19 August 2014 :: World Photography Day originates
from the invention of the Daguerreotype, a photographic processes developed by
Joseph Nicèphore Nièpce and Louis Daguerre. On January 9, 1839, The French
Academy of Sciences announced the daguerreotype process. A few months later, on
August 19, 1839, the French government announced the invention as a gift
"Free to the World". With the help of Photography our knowledge about
any thing & every thing of the Universe has increased leaps and bound. This
is the day to pay tributes and remember the inventore and pioneers of
photography and highlight their contributions. This years we are celebrating
175th anniversary celebration
of World Photography day. In my opinion the major change which took place in
the field of photography was the introduction of Colour photography.
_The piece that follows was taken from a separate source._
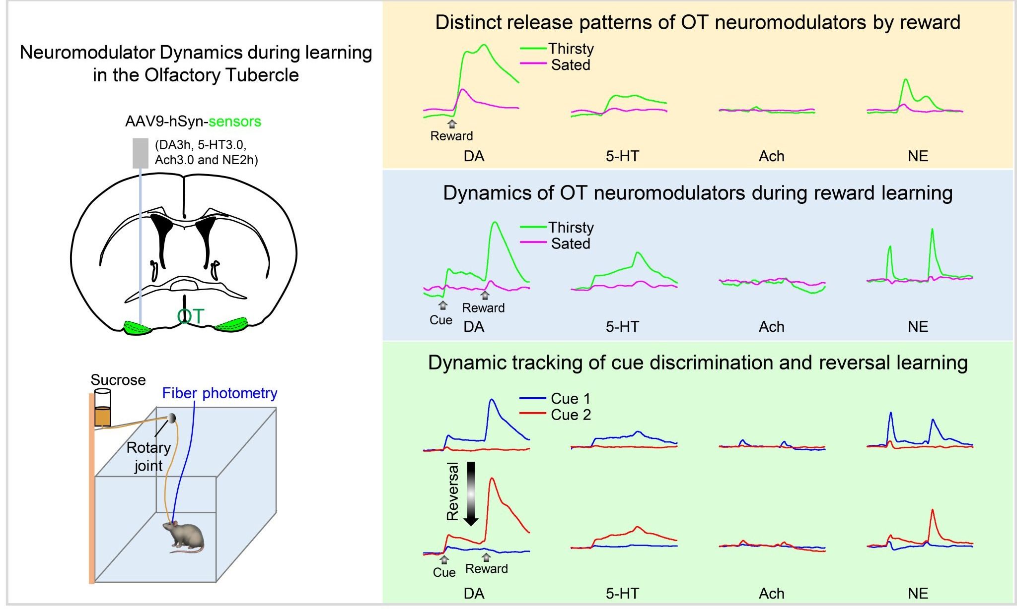 Maojun Hong#, Liuting Zou#, Yiqing Chen, Juan Guo, Zhixiang Xu, Tong Ma, Shuaishuai Hu*, Rongfeng K. Hu*. (2026) Neuromodulator dynamics underlying associative learning in the ventral striatum's olfactory tubercle. Advanced Science.

Colour photography is photography that uses media capable of
reproducing colors, which are traditionally produced chemically during the
photographic processing phase. By contrast, black-and-white (monochrome)
photography records only a single channel of luminance (brightness) and uses
media capable only of showing shades of gray.
In colour photography, light-sensitive chemicals or
electronic sensors record color information at the time of exposure. This is
usually done by analyzing the spectrum of colors into three channels of
information, one dominated by red, another by green and the third by blue, in
imitation of the way the normal human eye senses color. The recorded
information is then used to reproduce the original colors by mixing various
proportions of red, green and blue light (RGB color, used by video displays,
digital projectors and some historical photographic processes), or by using
dyes or pigments to remove various proportions of the red, green and blue which
are present in white light (CMY color, used for prints on paper and
transparencies on film).
Monochrome images which have been "colorized" by
tinting selected areas by hand or mechanically or with the aid of a computer
are "colored photographs," not "color photographs." Their
colors are not dependent on the actual colors of the objects photographed and
may be very inaccurate or completely imaginary.